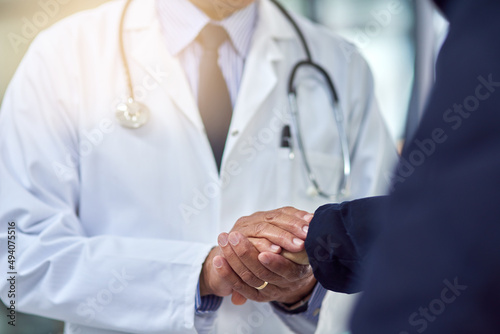 There is always hope. Cropped shot of a doctor holding a patients hand in comfort.
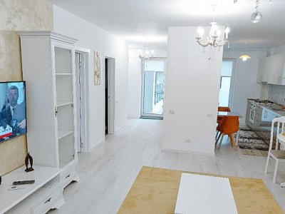 Apartament 2 camere de închiriat – Piata Ovidiu, Constanța | vedere la mare | prima închiriere Vă propunem spre închiriere un apartament modern cu 2 camere, situat într-o locație deosebită – chiar în Piata Ovidiu, la doar 150 de metri de plajă. Proprietatea se află la etajul 1 din 2 al unui bloc..
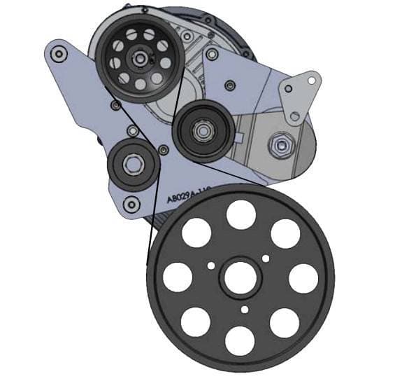 New ProCharger 8 Rib Main Bracket Bag with H.D. Tensioner for 2015-2019 C7 Chevy Corvette 6.2L, Standard satin/grey metal finish, polished or black powdercoat optional. Standard fitment for all P-1SC through F-1A-94 Procharger Head Units. Includes tensioner, idler pullies, spacers and install hardware. Does not fit oil fed P600B or D-1 Headunits.
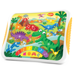 Super zabawka edukacyjna! Tablet opowie ciekawostki, o każdym z dinozaurów widocznych na obrazku, oczywiście w języku polskim, a także poda ich nazwy. Zabawka wyposażona jest w kilka trybów zabawy. Poza, wyżej opisanym, trybem ciekawostek, na najmłodszych czeka tu też tryb gra, w którym dziecko może sprawdzić wcześniej przyswojoną wiedzę w praktyce, udzielając odpowiedzi na pytania dotyczące dinozaurów. W trybie kolory, maluch uczy się rozróżniać barwy. W tej zabawie także główną rolę odgrywają dinozaury. Tryb melodie aktywuje wesołą muzykę.
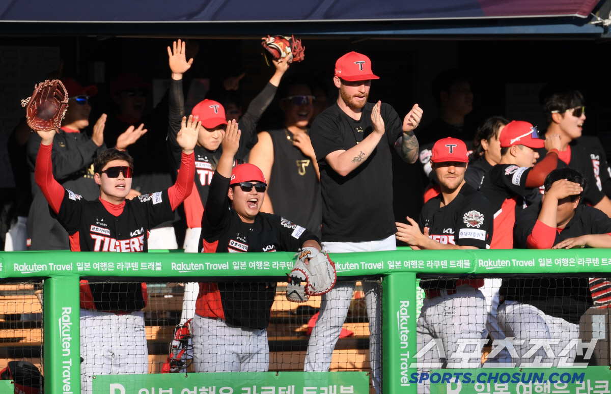 20일 잠실구장에서 열린 두산 베어스와 KIA 타이거즈의 경기. 9회초 두산 포수 양의지 3루 송구 실책을 틈타 KIA 박찬호가 득점을 올리자 더그아웃에서 환호성이 터져 나오고 있다. 잠실=박재만 기자 pjm@sportschosun.com

- _INSTRUCTIONS TO FOLLOW_
The line containing "New ProCharger 8" marks the end: copy exactly every line from the start of the records up to and including it, leaving out the pictures.

- _WRITTEN SOLUTION_
 There is always hope. Cropped shot of a doctor holding a patients hand in comfort.
 Apartament 2 camere de închiriat – Piata Ovidiu, Constanța | vedere la mare | prima închiriere Vă propunem spre închiriere un apartament modern cu 2 camere, situat într-o locație deosebită – chiar în Piata Ovidiu, la doar 150 de metri de plajă. Proprietatea se află la etajul 1 din 2 al unui bloc..
 New ProCharger 8 Rib Main Bracket Bag with H.D. Tensioner for 2015-2019 C7 Chevy Corvette 6.2L, Standard satin/grey metal finish, polished or black powdercoat optional. Standard fitment for all P-1SC through F-1A-94 Procharger Head Units. Includes tensioner, idler pullies, spacers and install hardware. Does not fit oil fed P600B or D-1 Headunits.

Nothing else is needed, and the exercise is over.